◆ **Exercise objective**: Write out the data below in full, unchanged, minus the images.

◆ **Data segment**:
<<<<

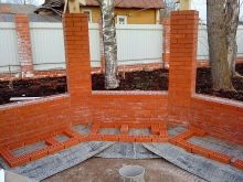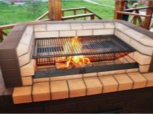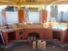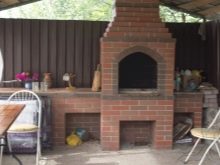 اختياريا جعل مكانا للأطباق. سوف تحتاج إلى موقد مرجل. يمكن أن يكون هذا خيارًا مع حلقات قابلة للإزالة. بعد عمل القاعدة للشواء ، ضع سطحًا من طوب النار. ثم ينظمون مدخنة ويشكلون قناة لمدخن., الصفوف معززة بالأسلاك. ثم يتعاملون مع قبو الموقد ، ويضعون الجدران ويفحصونها في نفس الوقت بمستوى. في هذه الحالة ، يمكن تمديد الجدار الخلفي إلى ما بعد المحيط.
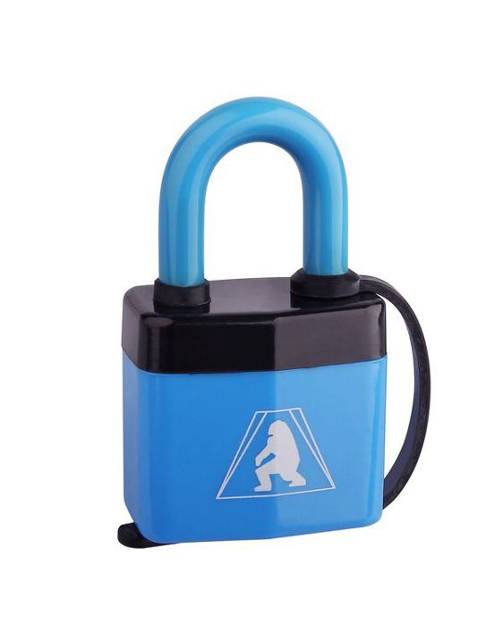 Self-latching lamella padlock with plastic body The characteristic feature of this padlock is a lamella structure of the body and the plastic coating provided also on the shackle. The lamella structure makes the padlock more resistant to physical damage, and the use of plastic reduces the number of abrasions and scratches on the surfaces in direct contact with the body and shackle of the padlock when closed.
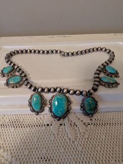 Navajo Pillow Silver Beaded Turquoise Necklace$1,400Mesa, AZ

>>>>

◆ **Task result**:
 اختياريا جعل مكانا للأطباق. سوف تحتاج إلى موقد مرجل. يمكن أن يكون هذا خيارًا مع حلقات قابلة للإزالة. بعد عمل القاعدة للشواء ، ضع سطحًا من طوب النار. ثم ينظمون مدخنة ويشكلون قناة لمدخن., الصفوف معززة بالأسلاك. ثم يتعاملون مع قبو الموقد ، ويضعون الجدران ويفحصونها في نفس الوقت بمستوى. في هذه الحالة ، يمكن تمديد الجدار الخلفي إلى ما بعد المحيط.
 Self-latching lamella padlock with plastic body The characteristic feature of this padlock is a lamella structure of the body and the plastic coating provided also on the shackle. The lamella structure makes the padlock more resistant to physical damage, and the use of plastic reduces the number of abrasions and scratches on the surfaces in direct contact with the body and shackle of the padlock when closed.
 Navajo Pillow Silver Beaded Turquoise Necklace$1,400Mesa, AZ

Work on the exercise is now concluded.